Воображаемый ужин за воображаемым столом в воображаемой бальной зале начал принимать масштабы тихой мании. Раньше мечта о нем вытеснялась другими – теперь он отказывался уступить место даже мечте о маленькой таверне, где я буду стряпать несколько вечеров в неделю и кормить за общим столом простым, приготовленным на огне ужином человек пятнадцать за раз. Мечта о таверне превратилась в мечту об одном праздничном ужине. Или нескольких. О пирах за нашим собственным столом, знаменующим, как ломтик ананаса на дверях нантакетских капитанов, что мы с Фернандо наконец «дома». Я мечтала, что наш дом будет в чем-то похож на дом Миранды. Что там будут собираться люди, которые нам дороги, и им там будет хорошо.

Я могла бы обратиться к психотерапевту и, семнадцать лет спустя, если повезет, услышать от него, что мне не хватает семьи, что только ее я и ищу. Но поскольку я всегда это и так знала, то не стоило искать подтверждений. Лучше добиться своего. Создать хороший дом, готовить хорошую еду. Собрать за столом хороших людей. Вот чего мне хотелось. Терпение.

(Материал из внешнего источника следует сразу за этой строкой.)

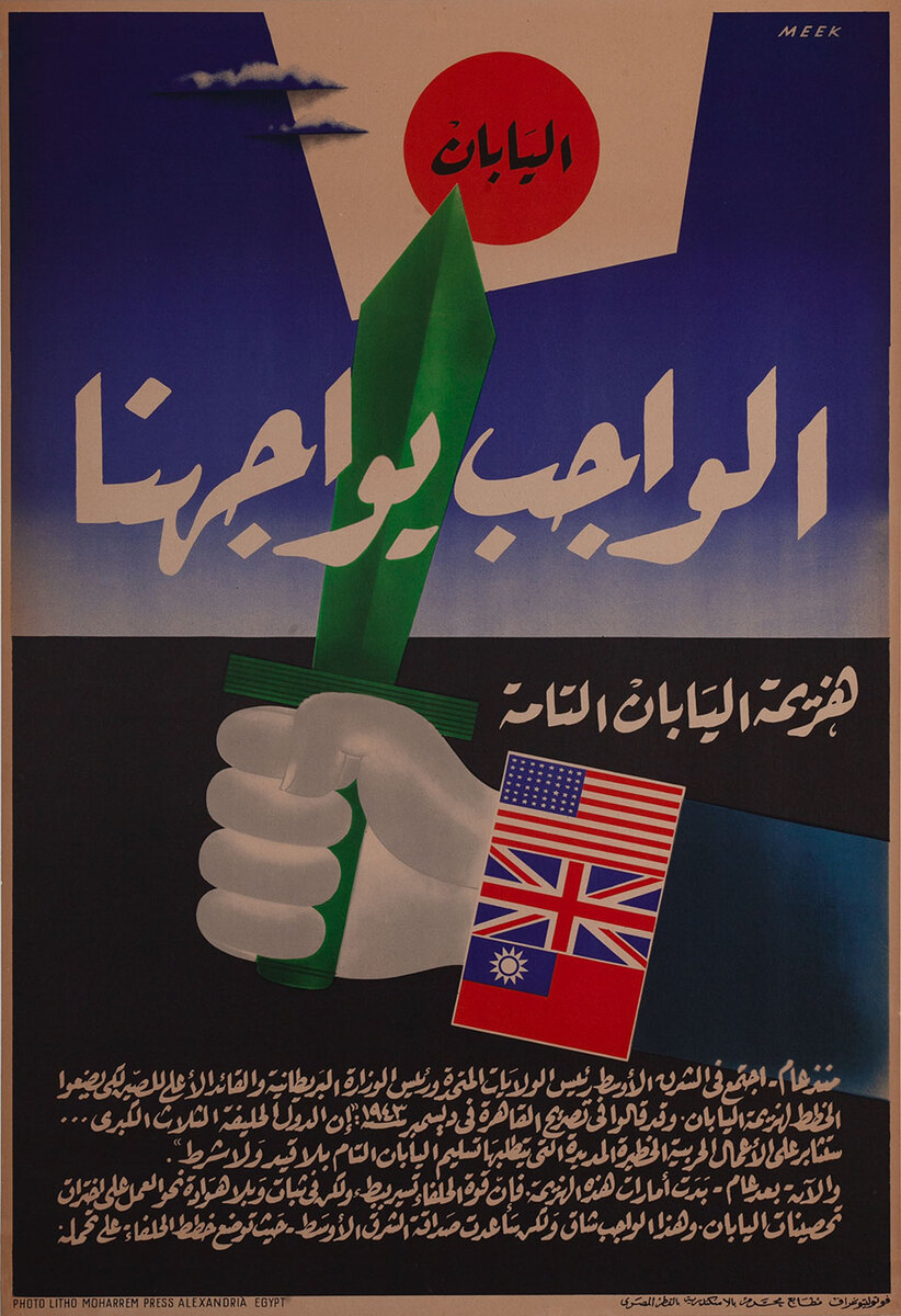 Description: Painting of hand holding upraised sword. Cuff of sleeve is US, UK, Nationalist Chinese flags. Arabic text at bottom talks of 1943 Cairo Conference and 1944 resolve to defeat Japan.

Но время от времени мне хотелось послать терпение к черту. Вместе с наигранным безразличием. Устав от насилия над собой, от жизни, где мы занимались только самими собой, я вновь изумлялась и изнемогала. Я забывала о чуде Больсены, забывала о собственном решении уступить Убальдини и говорила себе, что меня не устраивает, как жизнь складывается сама по себе, и что недурно бы немножко помочь судьбе. Ожидание, commedia, хорошие манеры, иллюзии, поклоны… Сердце билось громко и быстро, как крылья птицы, и я выхватывала свое раздражение, как саблю. Только что не кричала: «Не хочешь ли сразиться?»

– Не с чем тут сражаться. Во всяком случае, тут нет ничего определенного, в итальянских терминах. Если, конечно, в итальянских терминах возможно определить хоть что-то. Мы могли бы попробовать вернуть свои деньги, но пришлось бы ждать полтора века, пока это решится, если вообще решится в нашу пользу, а тем временем пришлось бы искать другое место, где жить. Начинать заново. И ты не забыла, что мы это уже обсуждали? Но, если хочешь, я этим займусь. Я уже сам начинаю чувствовать, что меня водят за нос.

– Хоть бы кто-нибудь нам сообщал, как движется дело!

– Ты словно начинающий чиновник. Никак оно не движется. А если Убальдини за прошедший год и получили какие-то сведения, с нами они предпочли не делиться.

– Иногда мне кажется, меня устроил бы телефонный звонок раз в месяц, даже если бы они просто сообщали, что новостей пока нет. Понимаешь? Меня тревожит пустота. Могли бы они по крайней мере найти способ разгрести мусор, подготовить помещение к ремонту? Времени хватило бы.

– Любая работа чего-то стоит. Разгребать должна та же команда, которая будет восстанавливать. Так мне кажется.

Я вложила саблю в ножны. Подошла поцеловать усы под восхитительно неправильным прикусом. Если уж сходить с ума, предпочитаю делать это именно так, как мы делаем. Продолжаем ждать, укрепляя иммунитет организма, среди плесени.

Глава 17
ЛЮДИ ОРВИЕТО

Наблюдения, впечатления, истории, рассказанные о них и ими. Чаще всего у огня.

О ТИЛЬДЕ

На ногах-палочках – так и не созревшее тело, светлые, почти седые волосы заплетены в свободные тонкие косички, лицо цвета золотистого шелка. Глаза – лед. Два маленьких горных озера, покрытых льдом, искусно обведенных лазурной подводкой, под прямыми, черными, густыми бровями. Из-под мужских бровей спускается нос орленка, горбатый, но нежный, как этрусские профили. Хрупкую красоту поддерживает присутствие духа.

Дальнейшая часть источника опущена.